Mr Horrocks says that it creates an alternative path with "real quality and credibility" which could help more part-time students to improve their qualifications.

The traditional three-year, residential university system would not disappear, he said, but for many people that remained "too conventional, too inflexible, too locked down".

But he said that cost remained a barrier to part-time learning. In England, he said, there is "still a fall out from the tuition fees increase".

Universities should see online learning as a way to extend the reach of their research and scholarship.

"A digital platform is the purest form of an ideas marketplace. If you've got the greatest ideas, why wouldn't you want to be on an open platform where your learning can create great social, cultural and economic benefits?"

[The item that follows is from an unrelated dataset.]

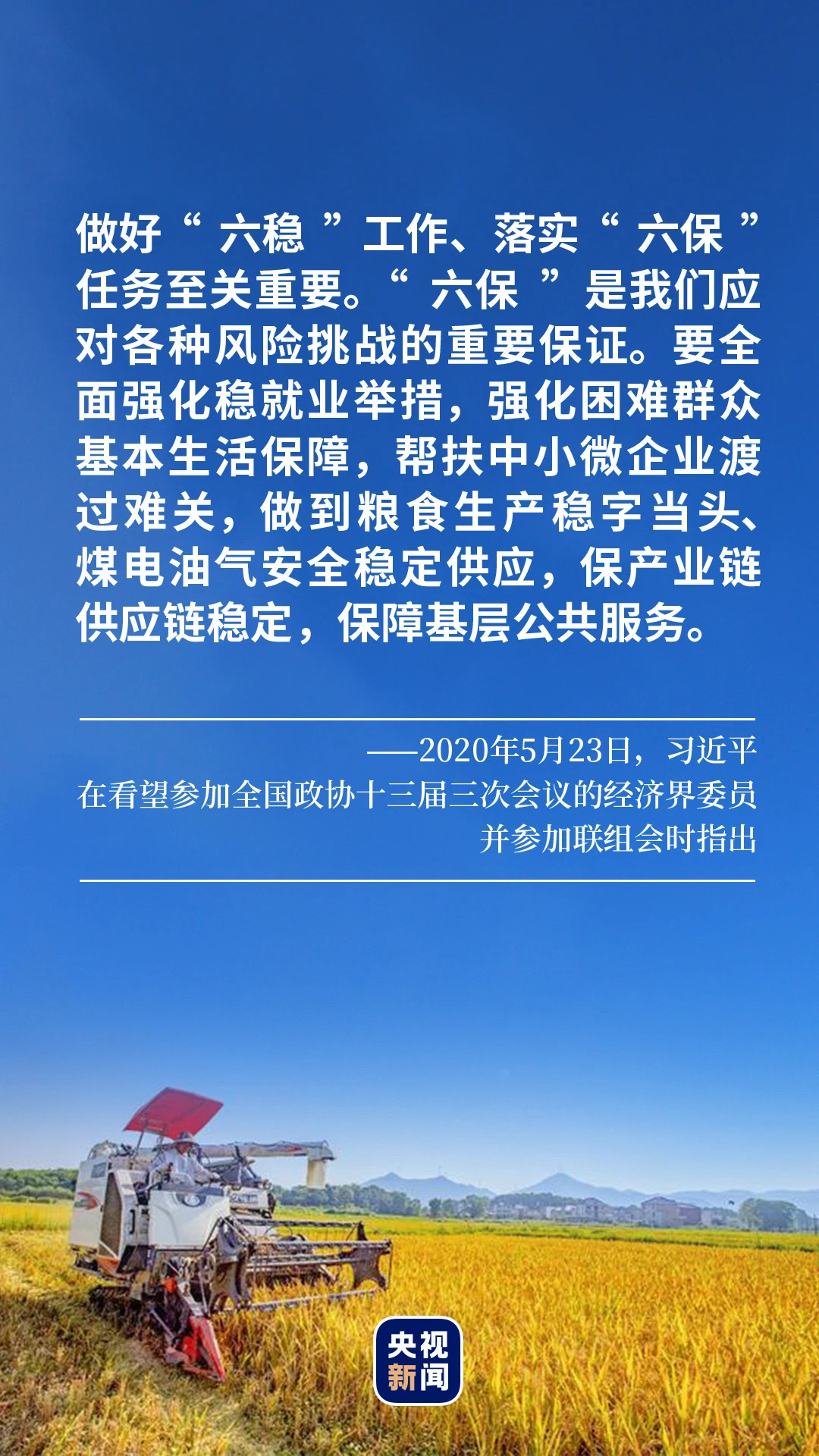 扎實做好“六穩(wěn)”工作、全面落實“六保”任務,關系經(jīng)濟發(fā)展和社會穩(wěn)定大局。面對常態(tài)化疫情防控與經(jīng)濟社會發(fā)展雙重任務,以習近平同志為核心的黨中央運籌帷幄、沉著應對,強化問題導向、夯實底線思維、彰顯民生情懷。

Simon Nelson, Futurelearn's chief executive, says the technology and quality of online learning has been rapidly improving and that the impact of digital technology on education was accelerating.

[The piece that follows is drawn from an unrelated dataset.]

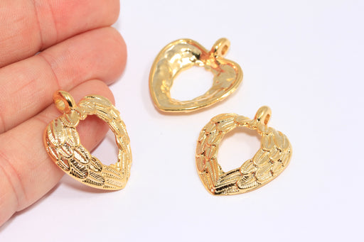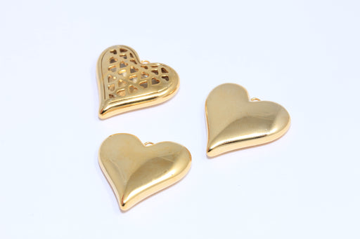 20x23mm 24 Ayar Parlak Altın Kalp Takılar, Kalp Kolye, Kabarık Kalp, İçi Boş Kalp Takılar, MTE1461

"Universities are looking at a world that is going more digital, more quickly than they are comfortable with - and they are having to think about their digital strategy," said Mr Nelson.

Neil Morris, director of digital learning at the University of Leeds, said this was a step towards a more "pick and mix" style of higher education, in which students could have a much more customised approach to learning.

Prof Morris said that it could lead to students putting together their own degree courses, studying different units from different universities and mixing online learning with residential courses.